- _DATA EXTRACT_:
=== Section Start ===
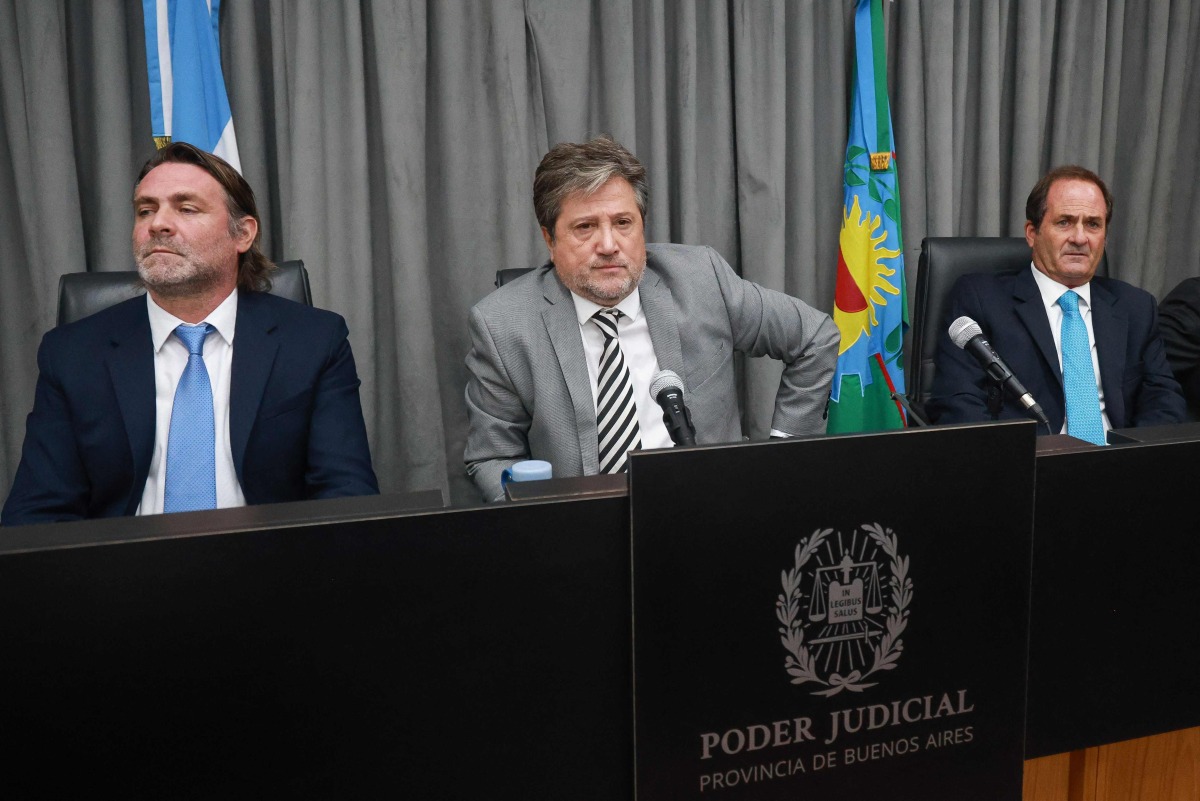 Judges Alberto Ortolani (L), Alberto Gaig (C) and Pablo Rolon (L) are seen at a courthouse during a preliminary hearing in a trial over Argentine football legend Diego Maradona's death in San Isidro, outskirts of Buenos Aires on April 14, 2026. (Photo by Tomas CUESTA / AFP)
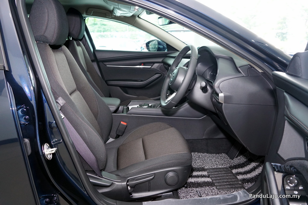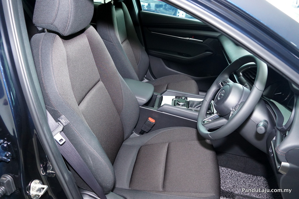 Kemasan kulit boleh dilihat pada tombol gear dan kerusi. Bagaimanapun varian Mazda3 (2019) 1.5 Skyactiv-G sedan dan hatchback didatangkan dengan material fabrik pada kerusi. Untuk mendapatkan pandangan ideal buat saiz pemandu yang pelbagai pihak Mazda menawarkan kerusi dengan 10-cara pelarasan elektrik dan pelarasan manual bagi varian 1.5 Skyactiv-G.
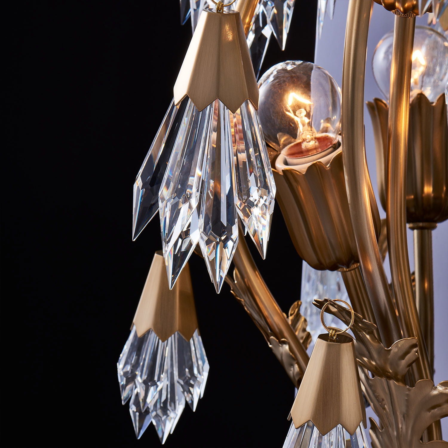 Elegant brass curves create a dynamic growth like movement, while crystal clusters evoke the beauty of morning dew on flower buds. Crafted with spear Firenze crystal tassels and cast solid brass, this unique fixture combines classical chandelier shapes with contemporary lightness in a Winter Brass finish.
=== Section End ===
- _ABOUT THIS EXERCISE_:
Set aside the pictures. Then return every line of the material above verbatim.

- _ANSWER TO THE PROBLEM_:
 Judges Alberto Ortolani (L), Alberto Gaig (C) and Pablo Rolon (L) are seen at a courthouse during a preliminary hearing in a trial over Argentine football legend Diego Maradona's death in San Isidro, outskirts of Buenos Aires on April 14, 2026. (Photo by Tomas CUESTA / AFP)
 Kemasan kulit boleh dilihat pada tombol gear dan kerusi. Bagaimanapun varian Mazda3 (2019) 1.5 Skyactiv-G sedan dan hatchback didatangkan dengan material fabrik pada kerusi. Untuk mendapatkan pandangan ideal buat saiz pemandu yang pelbagai pihak Mazda menawarkan kerusi dengan 10-cara pelarasan elektrik dan pelarasan manual bagi varian 1.5 Skyactiv-G.
 Elegant brass curves create a dynamic growth like movement, while crystal clusters evoke the beauty of morning dew on flower buds. Crafted with spear Firenze crystal tassels and cast solid brass, this unique fixture combines classical chandelier shapes with contemporary lightness in a Winter Brass finish.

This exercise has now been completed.